- **EXERCISE GOAL**: With the pictures left out, print exactly the lines below that run from the one containing "Am Montag wurde" through the one containing "los más pequeños.".

- **DATASET RECORDS**:
══════════════════════════════

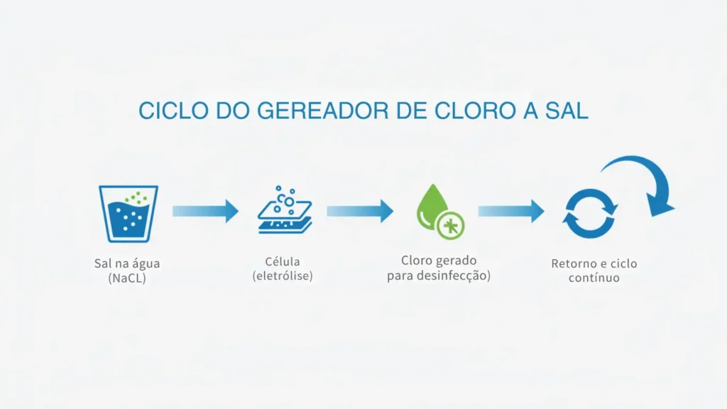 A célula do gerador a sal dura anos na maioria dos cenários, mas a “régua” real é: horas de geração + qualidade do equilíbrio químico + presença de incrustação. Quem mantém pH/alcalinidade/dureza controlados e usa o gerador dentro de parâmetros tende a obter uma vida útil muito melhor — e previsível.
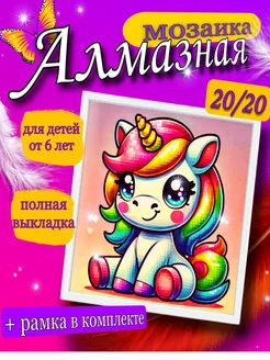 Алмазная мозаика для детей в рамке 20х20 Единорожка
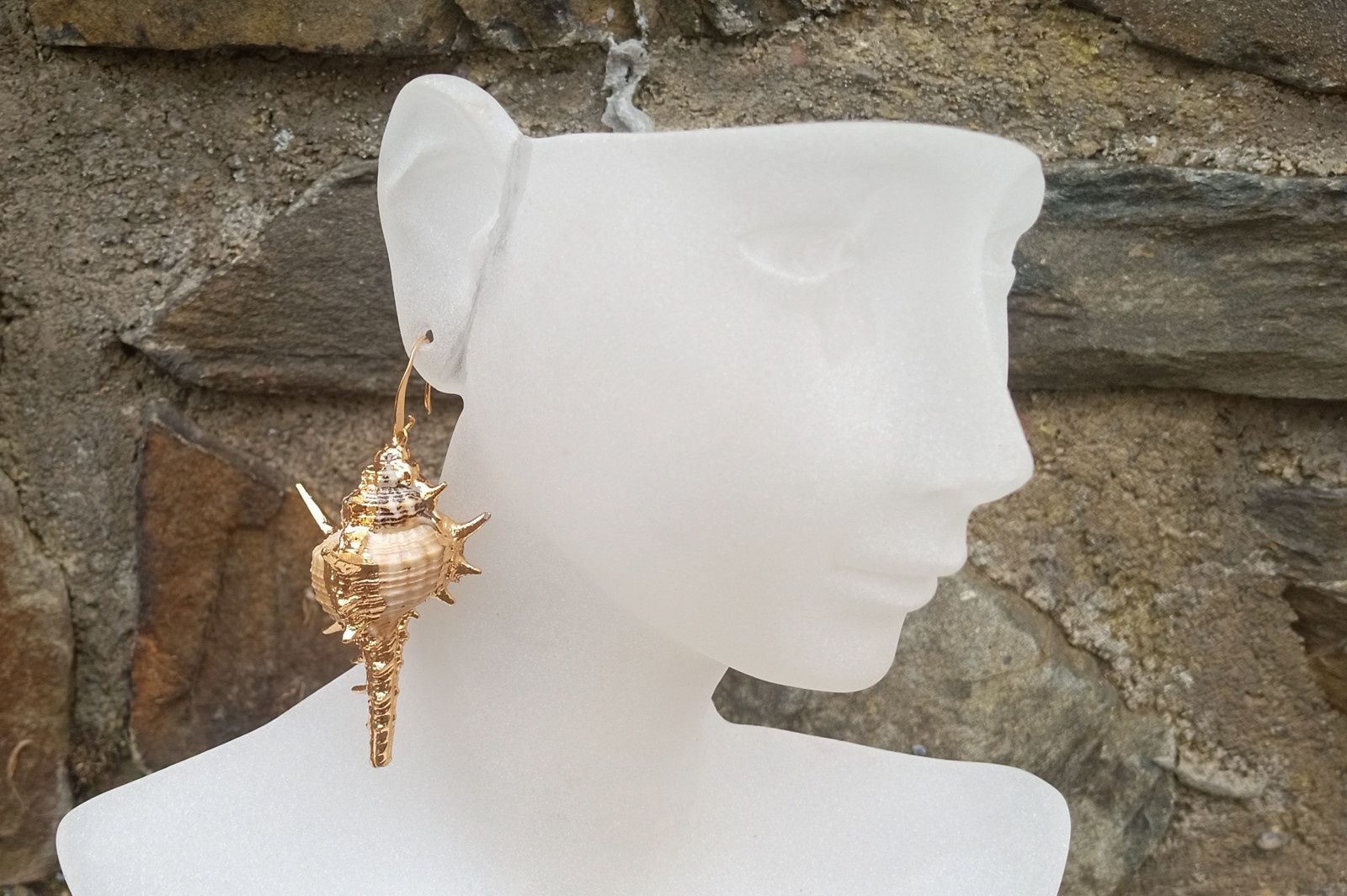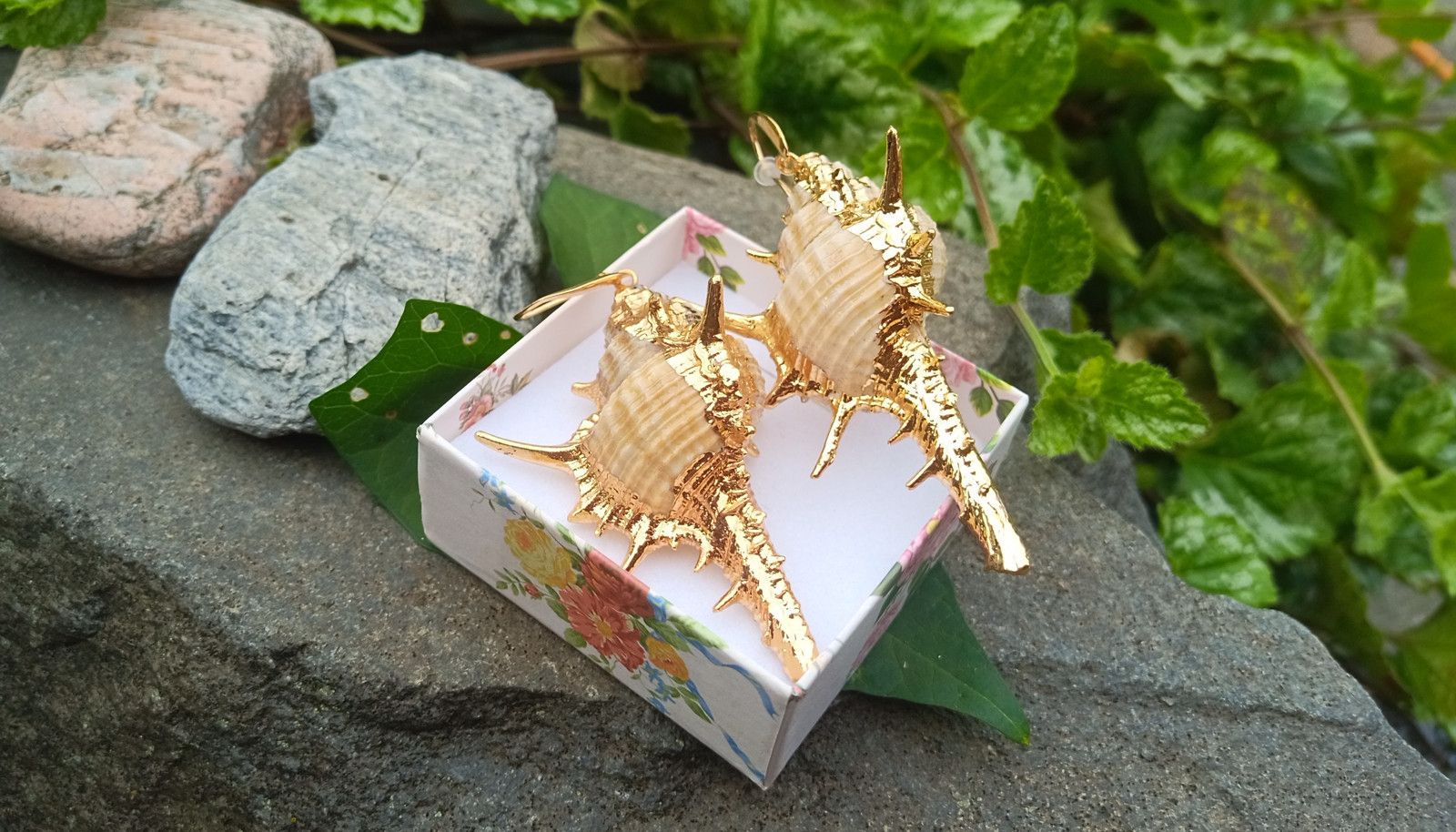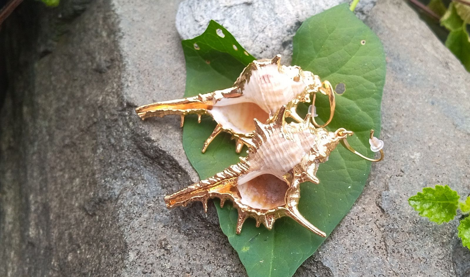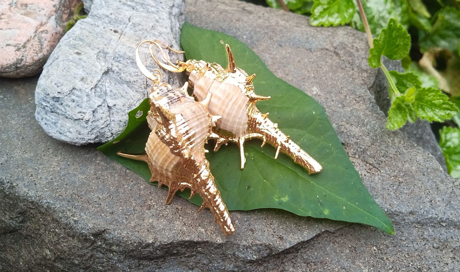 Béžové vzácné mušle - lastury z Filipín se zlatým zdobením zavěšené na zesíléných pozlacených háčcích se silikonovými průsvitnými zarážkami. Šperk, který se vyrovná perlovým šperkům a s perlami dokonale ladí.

══════════════════════════════

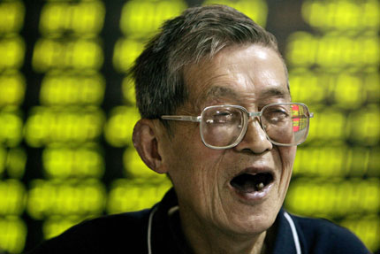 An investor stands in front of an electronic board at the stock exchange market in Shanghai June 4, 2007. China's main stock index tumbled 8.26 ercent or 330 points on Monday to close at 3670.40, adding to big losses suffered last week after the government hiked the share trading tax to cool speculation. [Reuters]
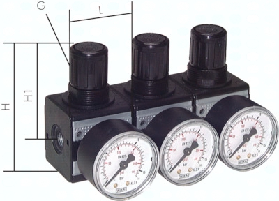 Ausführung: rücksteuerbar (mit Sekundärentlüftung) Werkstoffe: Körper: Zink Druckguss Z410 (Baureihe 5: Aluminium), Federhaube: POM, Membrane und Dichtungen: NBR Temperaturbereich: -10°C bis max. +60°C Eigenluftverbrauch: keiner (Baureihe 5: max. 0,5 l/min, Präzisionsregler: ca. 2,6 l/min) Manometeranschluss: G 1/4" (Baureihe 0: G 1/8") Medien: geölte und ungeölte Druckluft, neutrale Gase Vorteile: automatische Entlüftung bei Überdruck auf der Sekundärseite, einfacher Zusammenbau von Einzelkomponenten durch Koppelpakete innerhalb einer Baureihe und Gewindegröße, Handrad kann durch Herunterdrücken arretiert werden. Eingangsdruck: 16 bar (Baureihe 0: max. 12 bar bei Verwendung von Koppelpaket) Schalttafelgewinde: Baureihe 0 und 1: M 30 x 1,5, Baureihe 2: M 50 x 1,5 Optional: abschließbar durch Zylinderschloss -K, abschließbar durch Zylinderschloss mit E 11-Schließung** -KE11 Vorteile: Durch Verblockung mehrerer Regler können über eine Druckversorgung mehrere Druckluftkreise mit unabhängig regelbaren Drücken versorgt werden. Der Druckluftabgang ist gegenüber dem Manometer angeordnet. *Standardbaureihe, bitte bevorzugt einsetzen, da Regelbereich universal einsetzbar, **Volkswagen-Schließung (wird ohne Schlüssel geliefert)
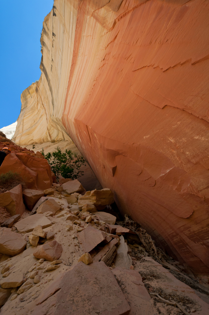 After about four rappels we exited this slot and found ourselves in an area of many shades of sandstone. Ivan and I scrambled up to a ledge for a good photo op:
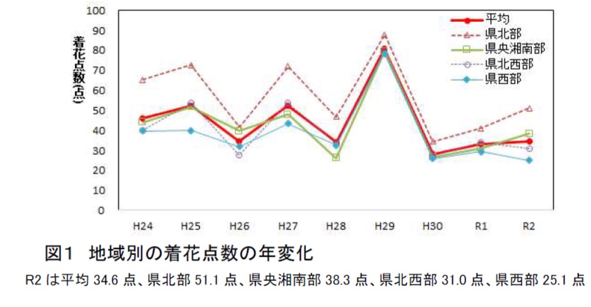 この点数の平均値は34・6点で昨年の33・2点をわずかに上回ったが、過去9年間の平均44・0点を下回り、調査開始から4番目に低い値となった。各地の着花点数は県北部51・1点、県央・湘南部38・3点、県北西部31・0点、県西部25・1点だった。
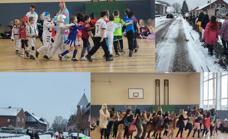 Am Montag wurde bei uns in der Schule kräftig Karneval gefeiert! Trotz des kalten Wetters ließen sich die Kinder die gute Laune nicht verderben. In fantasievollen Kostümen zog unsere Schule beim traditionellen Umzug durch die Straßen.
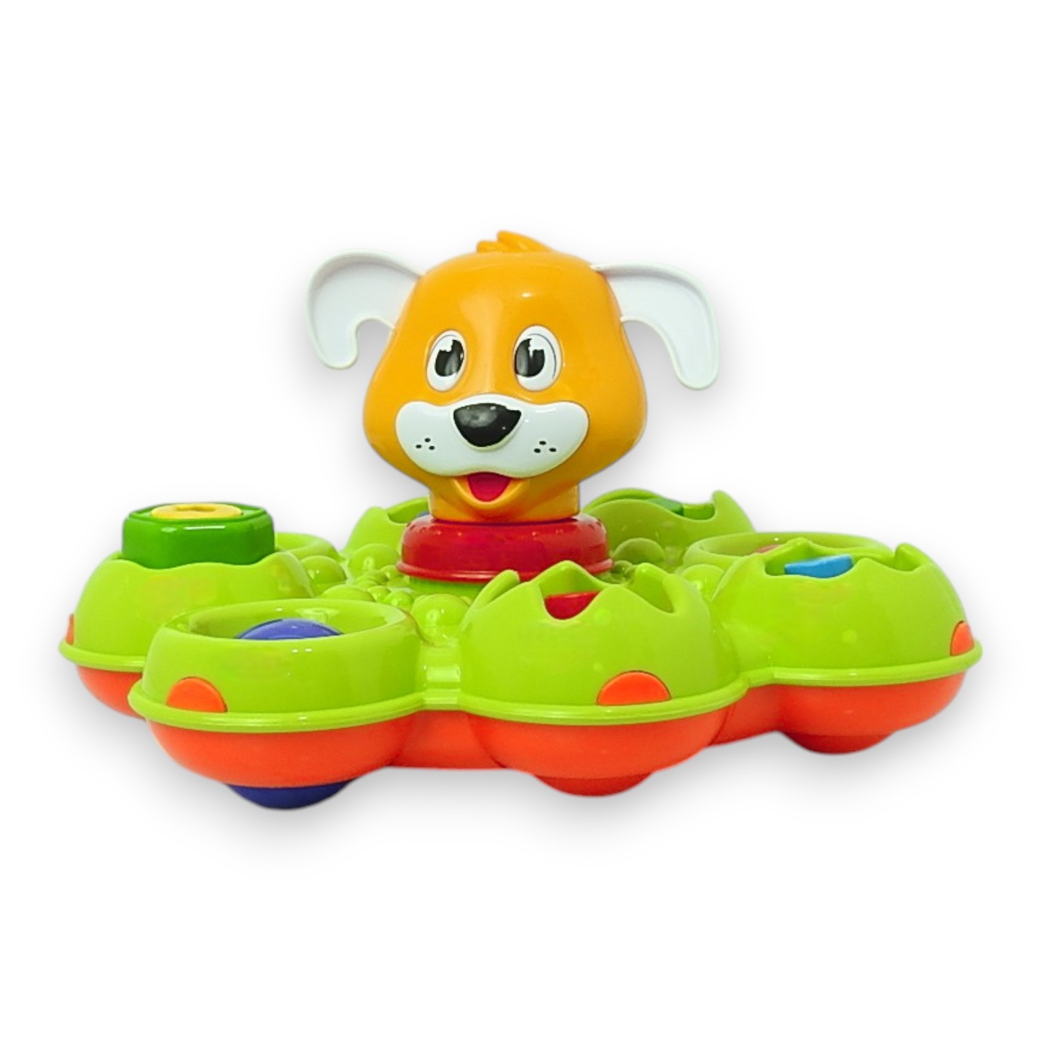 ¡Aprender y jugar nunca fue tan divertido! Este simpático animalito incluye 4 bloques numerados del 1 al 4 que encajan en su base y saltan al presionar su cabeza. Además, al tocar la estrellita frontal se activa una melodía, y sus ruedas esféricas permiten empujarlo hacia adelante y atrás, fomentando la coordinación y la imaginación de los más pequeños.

══════════════════════════════

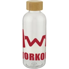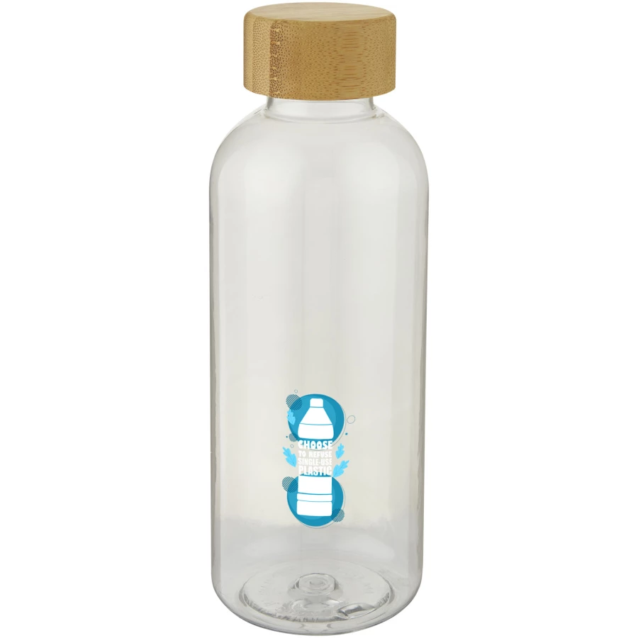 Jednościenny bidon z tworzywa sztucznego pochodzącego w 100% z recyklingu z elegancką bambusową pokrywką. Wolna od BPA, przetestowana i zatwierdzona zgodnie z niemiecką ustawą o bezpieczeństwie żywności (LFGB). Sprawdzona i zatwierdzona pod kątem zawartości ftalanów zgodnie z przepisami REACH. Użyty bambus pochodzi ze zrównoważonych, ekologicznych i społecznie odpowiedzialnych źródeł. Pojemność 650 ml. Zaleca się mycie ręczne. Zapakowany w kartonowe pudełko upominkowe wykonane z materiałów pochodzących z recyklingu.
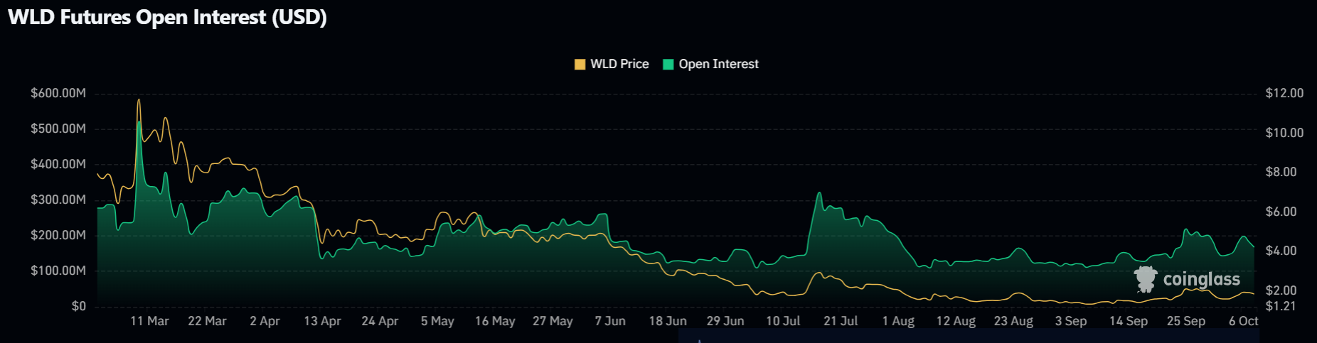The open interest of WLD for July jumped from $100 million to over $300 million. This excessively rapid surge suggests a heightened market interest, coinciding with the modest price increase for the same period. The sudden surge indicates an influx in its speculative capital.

══════════════════════════════

- **RESULT OF THE TASK**:
 Am Montag wurde bei uns in der Schule kräftig Karneval gefeiert! Trotz des kalten Wetters ließen sich die Kinder die gute Laune nicht verderben. In fantasievollen Kostümen zog unsere Schule beim traditionellen Umzug durch die Straßen.
 ¡Aprender y jugar nunca fue tan divertido! Este simpático animalito incluye 4 bloques numerados del 1 al 4 que encajan en su base y saltan al presionar su cabeza. Además, al tocar la estrellita frontal se activa una melodía, y sus ruedas esféricas permiten empujarlo hacia adelante y atrás, fomentando la coordinación y la imaginación de los más pequeños.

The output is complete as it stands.